Records for this task:
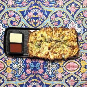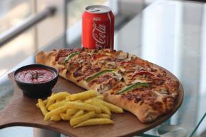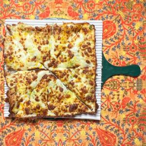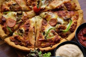 پنیر پیتزا مخصوص + زیتون + قارچ + فیله و راسته گوساله فراوری شده + فلفل دلمه ای+سس سیر ویژه
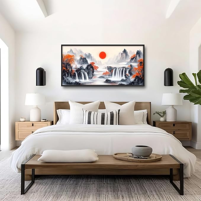 Lovira Japanese Mountain Landscape Large Wall Art Japan Canvas Wall Decor Pictures Prints Painting Framed Artwork for Living Room Bedroom Bathroom Kitchen Office 30"x60"
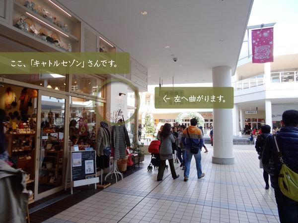 △お店に沿って進み、「キャトルセゾン」を左に曲がります。
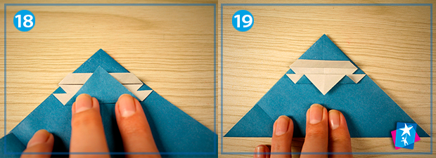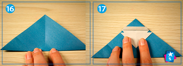 Фото 16 — 17 — 18 — 19. Тепер нижній кут ромбу підтягуємо до верхнього — виходить рівнобедрений трикутник на своїй основі. Ми беремо верхній кутик з зовнішнього шару та трохи відтягуємо вниз, щоб показалась частина обличчя, приблизно тієї ж ширини, що й відворот шапки (мал. 17). Нижній кут знову кладемо нагору, на середину шапки (мал. 18). І опускаємо вниз.
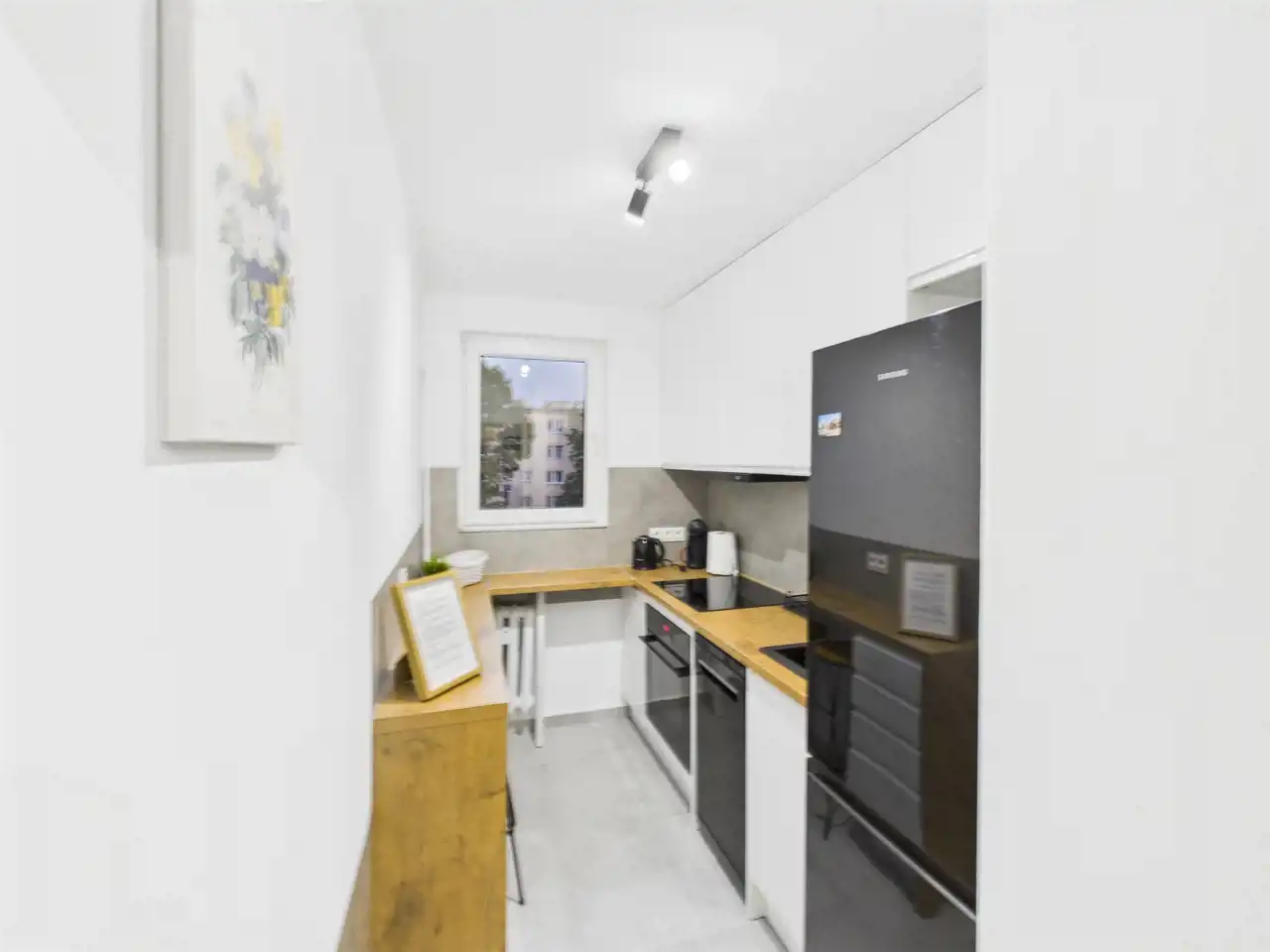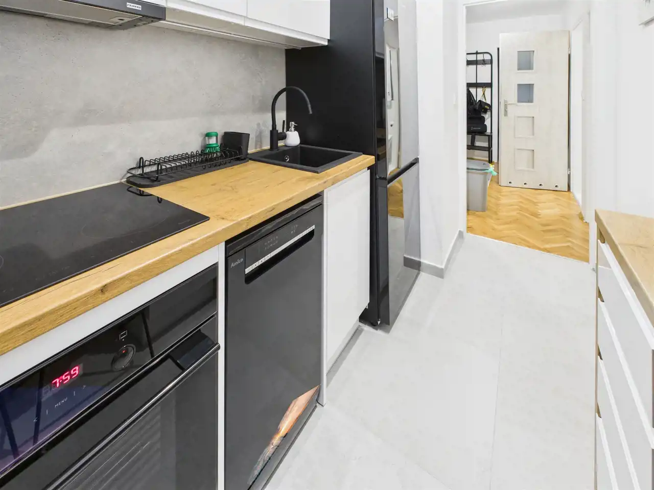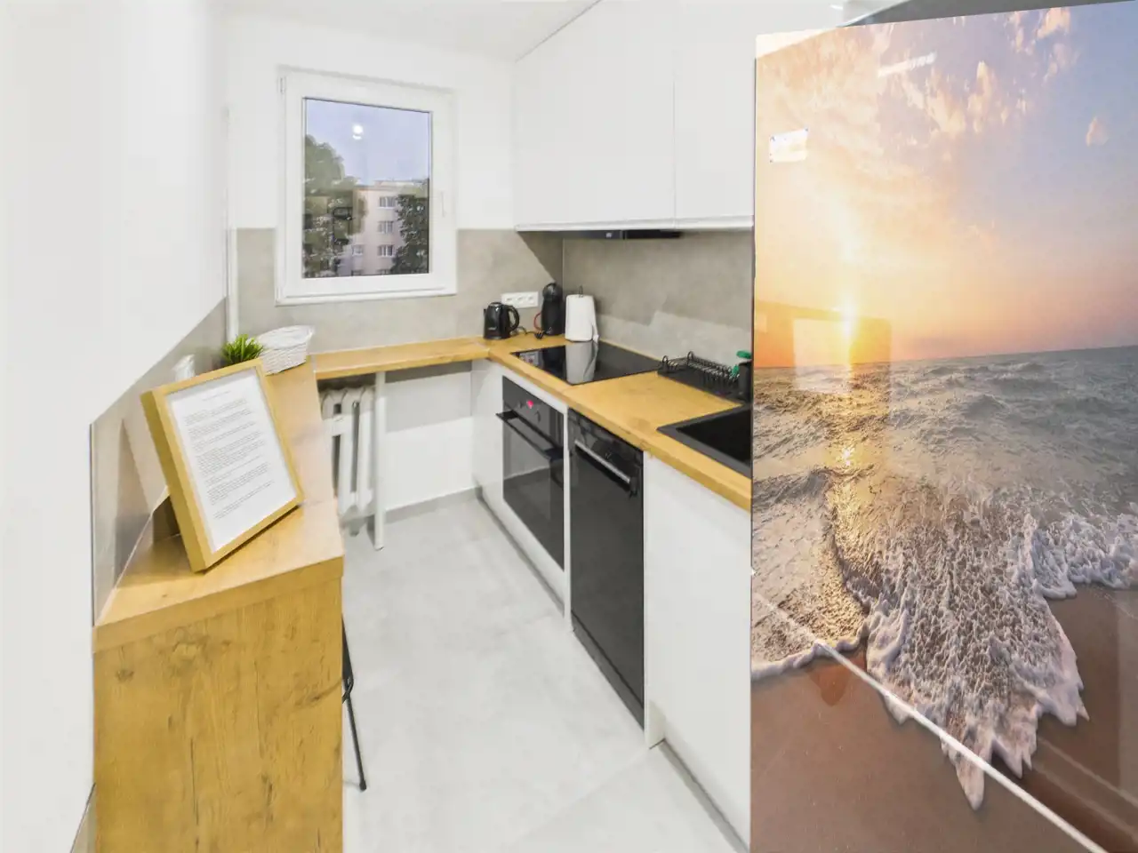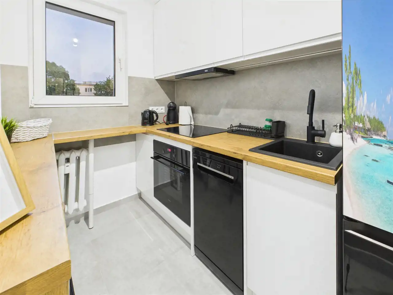 - osobna kuchnia w pełni wyposażona (m.in.: płyta indukcyjna, zmywarka, lodówka z zamrażalką, czajnik, ekspres do kawy)

Work request:
Leave nothing out but the pictures when transcribing the records.

Exercise solution:
 پنیر پیتزا مخصوص + زیتون + قارچ + فیله و راسته گوساله فراوری شده + فلفل دلمه ای+سس سیر ویژه
 Lovira Japanese Mountain Landscape Large Wall Art Japan Canvas Wall Decor Pictures Prints Painting Framed Artwork for Living Room Bedroom Bathroom Kitchen Office 30"x60"
 △お店に沿って進み、「キャトルセゾン」を左に曲がります。
 Фото 16 — 17 — 18 — 19. Тепер нижній кут ромбу підтягуємо до верхнього — виходить рівнобедрений трикутник на своїй основі. Ми беремо верхній кутик з зовнішнього шару та трохи відтягуємо вниз, щоб показалась частина обличчя, приблизно тієї ж ширини, що й відворот шапки (мал. 17). Нижній кут знову кладемо нагору, на середину шапки (мал. 18). І опускаємо вниз.
 - osobna kuchnia w pełni wyposażona (m.in.: płyta indukcyjna, zmywarka, lodówka z zamrażalką, czajnik, ekspres do kawy)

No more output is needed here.